[Collection entries]
########################################

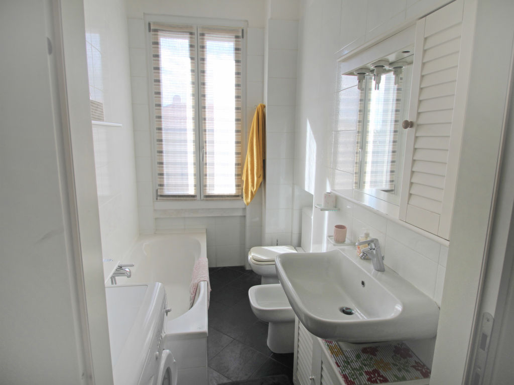 "Girasole", 3-Zimmer-Wohnung 65 m2 im 2. Stock. Zweckmässig eingerichtet: Wohn-/Esszimmer mit 1 Diwanbett und TV. Ausgang zum Balkon. 1 Doppelzimmer. Ausgang zum Balkon. 1 Zimmer mit 1 Bett. Kochnische (4 Kochplatten, Backofen, Geschirrspüler, Mikrowelle, Tiefkühler, elektrische Kaffeemaschine). Bad/Bidet/WC. G-Heizung (extra). Heizung nur verfügbar von 15.10. bis 15.04. Parkettböden. 2 kleine Balkone. Zur Verfügung: Waschmaschine, Kinderhochstuhl, Haartrockner. Internet (Wireless LAN, gratis). CIR:10307200123
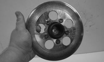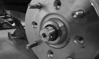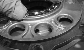 CLEANING AND INSPECTING 1.Clean all hub components. 2.Inspect all threads for stripping or damage. 3.Inspect the brake disc (if applicable) for cracks or warping. 4.Inspect the hub for pits, cracks, loose studs, or spline wear. REPLACING WHEEL STUDS 1.Secure the hub in a suitable holding fixture and remove the brake disc (if applicable). 2.Drive the damaged stud out of the hub; then place the new stud into the hub and thread on an appropriate flange nut.
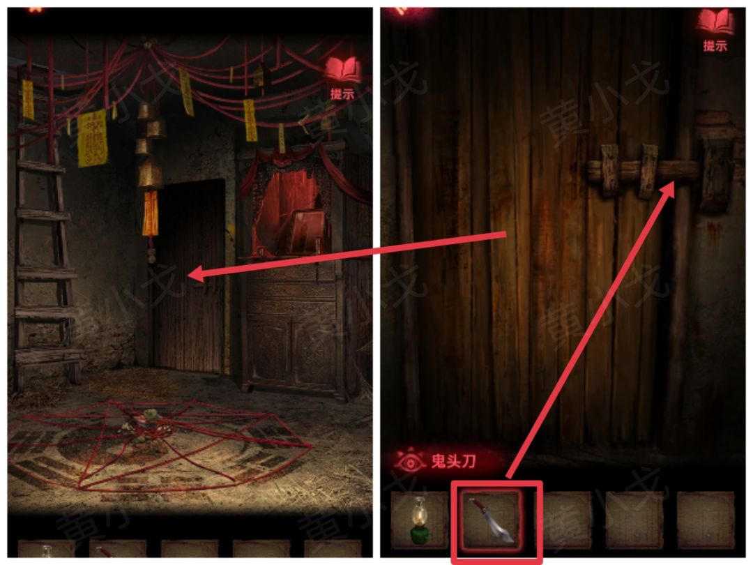 36.点击木门,用【鬼头刀】劈开门插,触发剧情
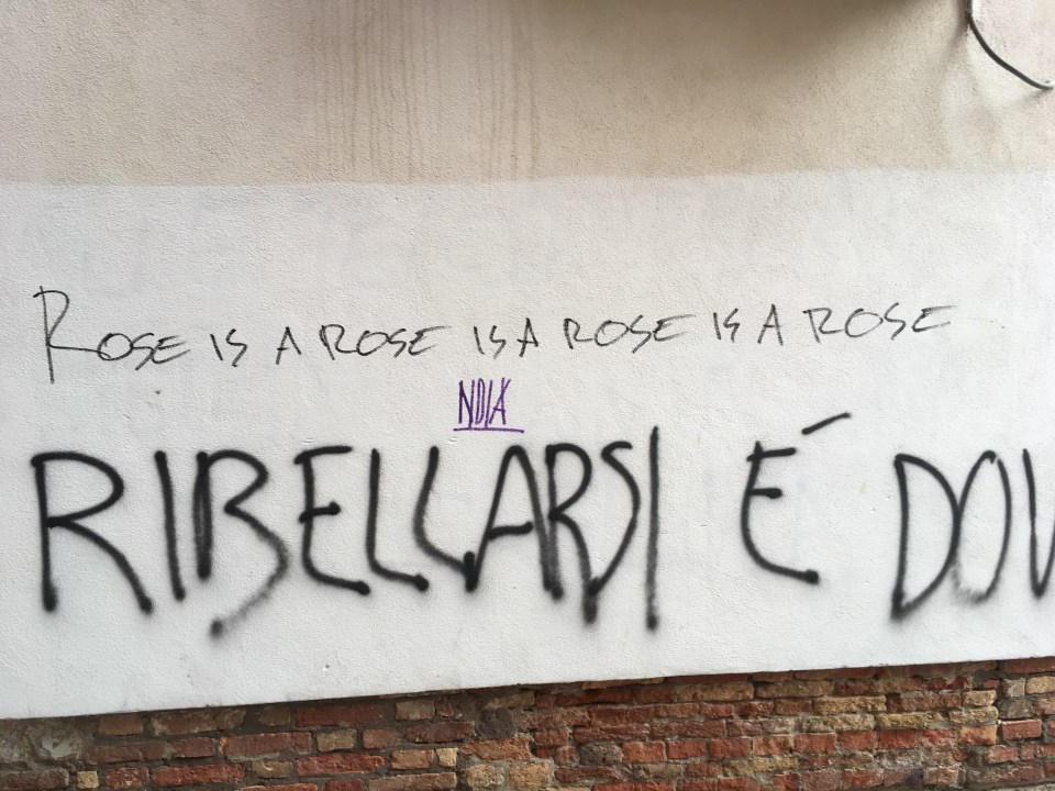 It is cold in Venice. I arrive late at night and go straight to bed. In the morning a mist hangs over the city when I go for my coffee at the corner café. Outside, a small white dog chases a blue ball around in circles. I see a derelict man, sitting hunched over on the bench in the nearby square. There are not many rough sleepers in Venice, in fact there is not normally a vast number of beggars. I sit down on the bench. The man asks me for money. He has a somewhat battered appearance. I give him some coins. He gets up and leaves, but returns a few minutes later with a bottle. He offers me a drink, which I decline. It occurs to me that he is a character in a story I didn’t write, about a man who achieves most of the things that matter to him, then loses interest in them and goes to Venice and is reduced to sleeping rough: I could even tell him – if he were interested, which I rather doubt – that he is living my life in reverse. But I think better of it. He might not take it well. Besides, the morning mist is beginning to lift and the man is telling me an incredibly long and convoluted story about how he once achieved almost everything he set out to achieve, but then lost interest in his life, and came to Venice, but he tells the story in such a drab and uninteresting way that I drift off, begin thinking of other things, such as what I might do with the day now that the mist has lifted, and then he says something about living my life in reverse – ‘it’s as though I were living your life in reverse,’ he says, or I think he says, as I stare at some graffiti on a wall facing me: ‘Rose is a Rose is a Rose’ – and when I turn to reply to the man on the bench next to me, he is gone.
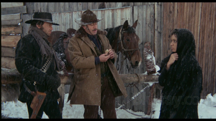 The Great Silence features DTS-HD Master Audio 2.0 Mono tracks in Italian, English and German. I frankly didn't spend a whale of a lot of time with the German track, but the English track is somewhat louder and noticeably brighter on the high end than the Italian, and it also shows more evident signs of age related wear and tear than the Italian track. To my ears, the Italian track, while maybe slightly thin sounding at times, provides the most balanced listening experience, including generally nice renderings of yet another remarkable score by Ennio Morricone. As befits an international co-production, sync can be loose, but dialogue is rendered cleanly and clearly throughout. Optional English subtitles are available.
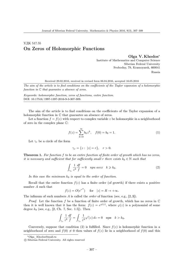 Библиографическое описание:Khodos, Olga. On Zeros of Holomorphic Functions = О нулях голоморфных функций / O. V. Khodos. - Текст : непосредственный // Журнал Сибирского федерального университета. Математика и физика. - 2016. - Т. 9, № 3. - С. 307-309. - Библиогр.: с. 309. - ISSN 1997-1397.
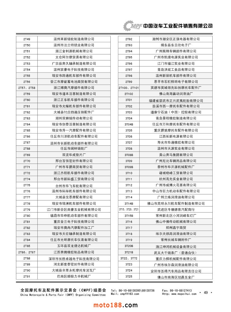 第36屆秋季(廣州)全國摩托車及配件展示交易會參展單位名錄
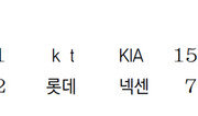 KIA가 7경기 연속 두 자릿수 득점을 올리며 한미일 프로야구 역대 최다 기록을 썼다. KIA는 4일 문학 SK전에서 4회초에 10점째를 뽑아내며 대기록을 작성했다. 2일 LG전에서 6경기 연속 두 자릿수 득점을 올려 미국 메이저리그 기록(6경기)과 타이를 이룬 KIA는 이날 다시 금자탑을 쌓았다. 메이저리그 기록은 뉴욕(현 샌프란시스코) 자이언츠가 1929년 6월 19일부터 22일까지(더블헤더 4경기 포함) 세웠다. 일본프로야구(NPB) 최다 기록은 4경기다. KIA 타선은 올 시즌 10승 3패를 거두고 최근 9연승 중이던 SK의 에이스 메릴 켈리를 1회부터 두들겼다. 1, 2회 9점을 뽑아낸 KIA는 4회초 나지완의 1타점 2루타로 대기록을 작성했다. KIA는 SK를 15-6으로 꺾고 7연승을 거두며 선두를 질주했다. KIA 선발 헥터 노에시는 6이닝 동안 4실점했지만 승리 투수가 되며 올 시즌 13승 무패를 기록했다. 헥터는 지난해 10월 2일 kt전부터 14연승을 이어가며 2014년 앤디 밴헤켄(넥센)이 세운 역대 외국인 선수 최다 연승 기록과 타이를 이뤘다. 한편 최근 고위 인사가 심판과 돈거래를 한 사실이 밝혀져 파문을 일으킨 두산은 kt 경기에 앞서 신임 전풍 대표이사를 비롯해 프런트 전 직원이 그라운드로 나와 팬들에게 사과했다. 유재영 기자 elegant@donga.com}
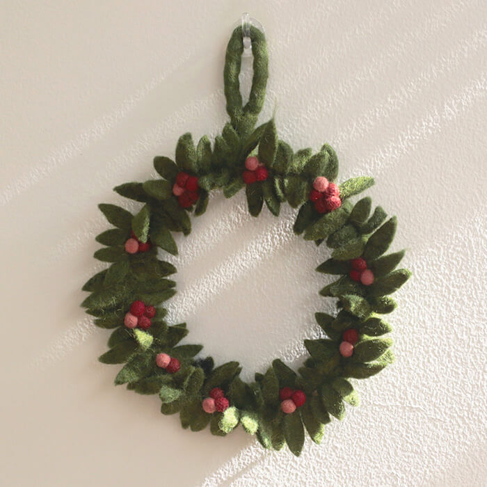 size:直径20×2.3cm前後 素材:ウール100% ワイヤー 吊るし紐付 ブランド : デンマーク En Gry&Sif エングライアンドシフ 生産国 : ネパール製(フェアトレード) ※天然素材、手作り品のため、色の濃淡やフォルムなどに 個体差がある場合がございます。 デンマーク En Gry&Sif クリスマスオーナメント 商品一覧はこちら クリスマスアイテム 商品一覧はこちらデンマーク生まれ、 『En Gry & Sif』の素朴なクリスマスインテリア。 デンマークのシンプルデザインとネパールの熟練技から生まれた、 『En Gry & Sif エングライアンドシフ』のクリスマスインテリア。 グリーンリースにベリーがあしらわれたラウンドリースです。 エングライアンドシフは、ネパールの自然と文化と人に魅せられたデンマーク人姉妹によって、 2002年に設立されたフェルト製品のブランド。 製品はすべてネパールの職人さんによるハンドメイドで、 ひとつひとつ風合いが異なる、1点モノ。 そこにデンマークのシンプルなデザインが加わることによって、 素朴でかわいいだけではない洗練された仕上がりになっています。 もちろん素材にもこだわり、すべてニュージーランド産の天然ウールを使用しています。 1つだけでもクリスマスを感じさせてくれる存在感。 どこかぬくもりを感じる、何とも愛らしいオーナメントです。 玄関やお部屋に吊るしてお楽しみください。 フェアトレード認証について。 エングライアンドシフは、2009年に世界フェアトレード機構のフェアトレード認証を取得しています。 ネパールは世界で最も貧しい国のひとつ。 エングライアンドシフは、ネパールの前向きな発展に貢献するため、 特に女性の仕事をサポートするため、良質で持続可能な雇用を創出することに取り組み続けています。 デンマーク En Gry&Sif クリスマスオーナメント 商品一覧はこちら クリスマスアイテム 商品一覧はこちら ストローオーナメント・ガーランド 商品一覧はこちら スウェーデン Larssons tra ラッセントレー 商品一覧はこちら
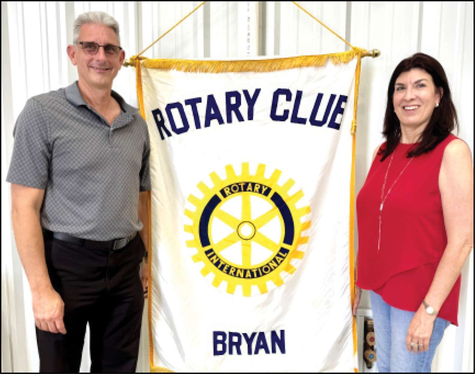 AIRPORT VISIT … The Bryan Rotary Club went on the road to the Williams County Regional Airport for their weekly meeting. Manager of Operations, Brent Wilson shared an overview of the activities of the airport. Wilson has been flying for twenty years and holds an Airline Transport Pilot Certification and flies three jets and a twin Cessna Aircraft. The airport was built in 1964 when Governor James Rhodes declared that every county in Ohio should have an airport. Williams County is a regional airport because it has the largest runway between Toledo and Fort Wayne. This brings in more income. The new enlarged hanger is two years old with offices and a pilot’s lounge. Last year the estimated economic impact of the airport to the area was 4.9 million dollars with approximately 4,000 landings and take offs. Pictured is speaker Brent Wilson and Rotarian Jenny Horn.
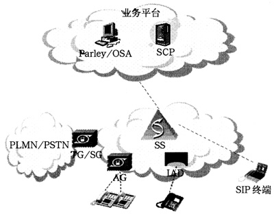 直接由SoftSwitch提供業(yè)務(wù),可提供基本電話業(yè)務(wù)、補(bǔ)充業(yè)務(wù)等;SoftSwitch具備SSP功能,通過(guò)SG與現(xiàn)網(wǎng)SCP互通,提供現(xiàn)有智能網(wǎng)業(yè)務(wù);SoftSwitch與應(yīng)用服務(wù)器之間通過(guò)SIP、H.323、Radius等協(xié)議互通;通過(guò)Parlay-GW/OSA-GW提供API接口,為第三方提供業(yè)務(wù)開(kāi)發(fā)平臺(tái)。
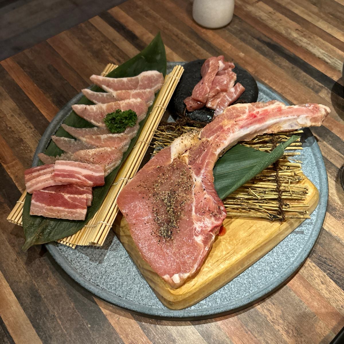 トマホーク豚 3 人分 + アラカルトのシーフードを注文
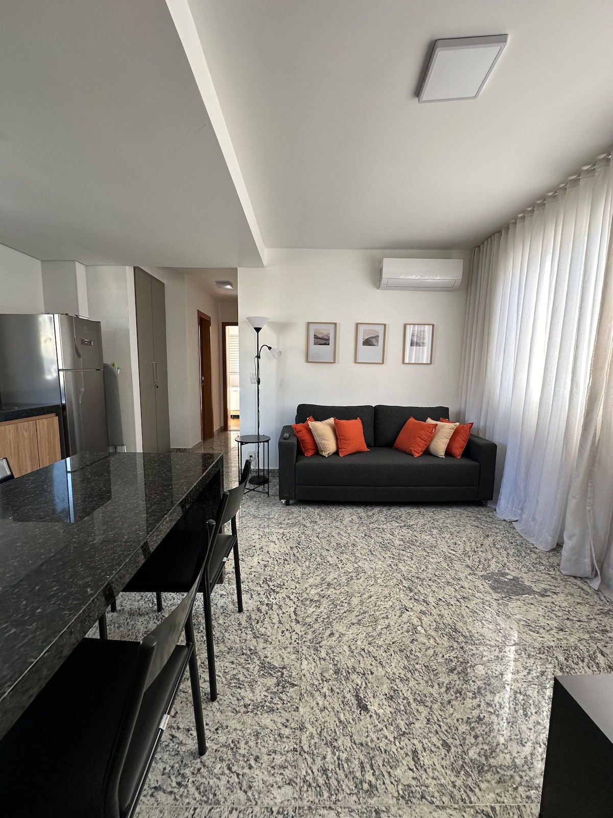 See korter on äsja renoveeritud, kaasaegne, ilus ja hubane. Sviidis on 42-tolline nutiteler, eriti lai kaheinimesevoodi, konditsioneer ja garderoob. Elutoas on televiisor, wifi, diivanvoodi ja graniidist laud töö- ja söögilaud koos Ameerika köögiga, mis on varustatud mitmesuguste söögiriistade, pliidi, mikrolaineahju ja minibaariga. Korterist avaneb vaade Pátio Savassi ja Serra do Currali ostukeskus. See asub Savassi südames, kus on head restoranid, apteegid ja transport.
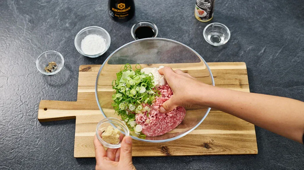 400 g köttfärs, valfri sort – 100 g tofu – 1 msk Kikkoman naturligt bryggd sojasås – 1 tsk Kikkoman söt Matlagningssås i Mirin-Stil – 2 tsk riven ingefära – 3 salladslökar, finhackade – 2 msk majsstärkelse – En nypa svartpeppar
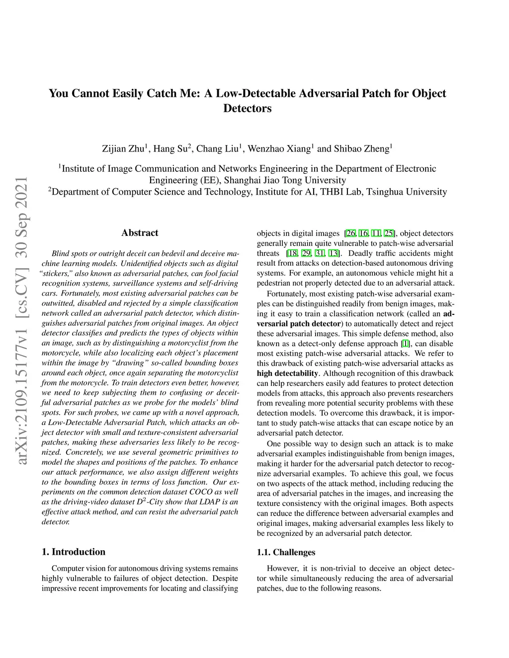 You Cannot Easily Catch Me: A Low-Detectable Adversarial Patch for
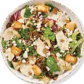 Chicken, mixed greens, grapes, pecans, artichoke hearts, dried cranberries, Bleu Cheese and croutons served with Sherry Vinaigrette dressing. (N)
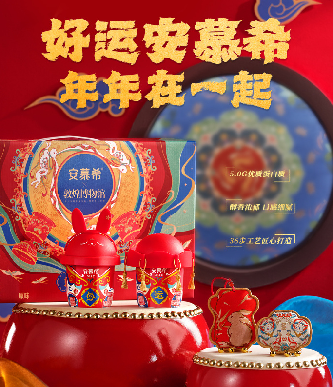 日前,安慕希携手敦煌博物馆推出限量惊喜联名IP产品,它以溯源敦煌藻井壁画与中华文明融合的神奇三兔共耳为创意形象,融于新品之中,寓意“美景、美味与美好”,让用户一开盖就能感受到联名产品所带来的美妙火花!(信息来源:品牌小红书)
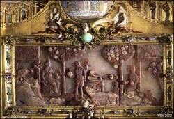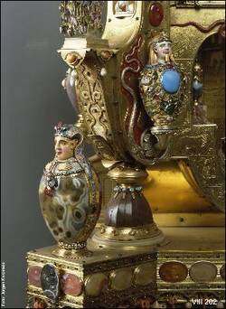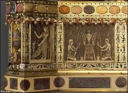 Der Blick gleitet weiter nach oben zu einem großen Edelsteinrelief, bestehend aus drei Chalcedon-Tafeln mit erhaben gearbeiteter Darstellung. Die Szene dort schildert, wie der hundeköpfige Gott Osiris durch seine Gattin Isis und andere Götter verehrt wird. Das große Rundmedaillon darüber zeigt die Verklärung des göttlichen Paares Isis und Osiris mit ihrem Kind Horus.
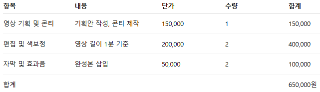 • 논리형 표기: “1분 길이 영상 제작(기획, 편집, 색보정 포함) – 300,000원 / 평균 시청시간 기준”
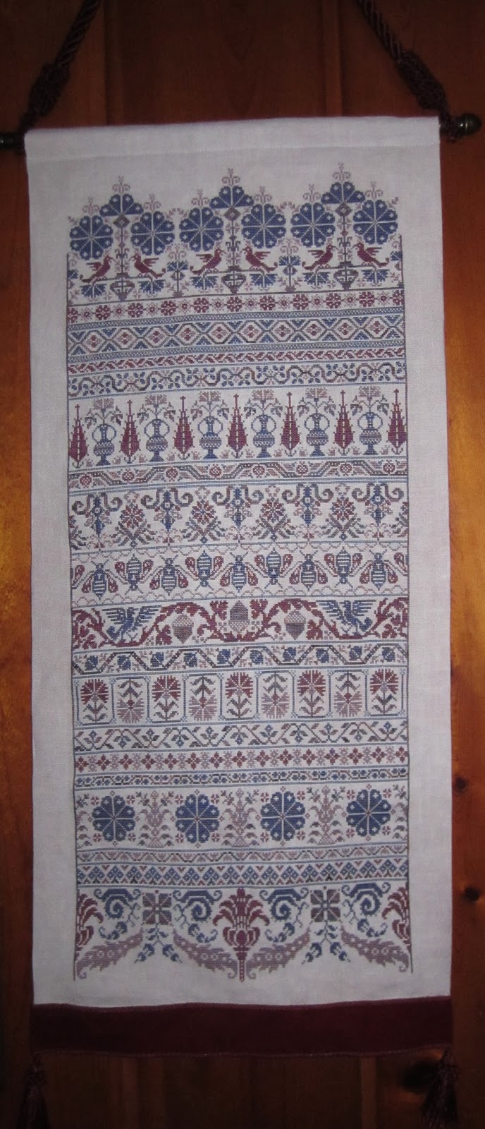 I just read on Facebook that Martina Rosenburg of Chatelaine Designs suddenly passed away. The stitching community has lost one of it's most incredible artists. I found myself crying as I read many of the posts. I have enjoyed stitching Martina's designs. In tribute here are several WIPs and my finish of the Celtic Mystery.

########################################

EXERCISE DETAILS:
Although the records above contain pictures, the copy should not; retype exactly the lines from the one containing "CLEANING AND INSPECTING" through the one containing "36.点击木门,用【鬼头刀】劈开门插,触发剧情".

OUTPUT FOR THIS EXERCISE:
 CLEANING AND INSPECTING 1.Clean all hub components. 2.Inspect all threads for stripping or damage. 3.Inspect the brake disc (if applicable) for cracks or warping. 4.Inspect the hub for pits, cracks, loose studs, or spline wear. REPLACING WHEEL STUDS 1.Secure the hub in a suitable holding fixture and remove the brake disc (if applicable). 2.Drive the damaged stud out of the hub; then place the new stud into the hub and thread on an appropriate flange nut.
 36.点击木门,用【鬼头刀】劈开门插,触发剧情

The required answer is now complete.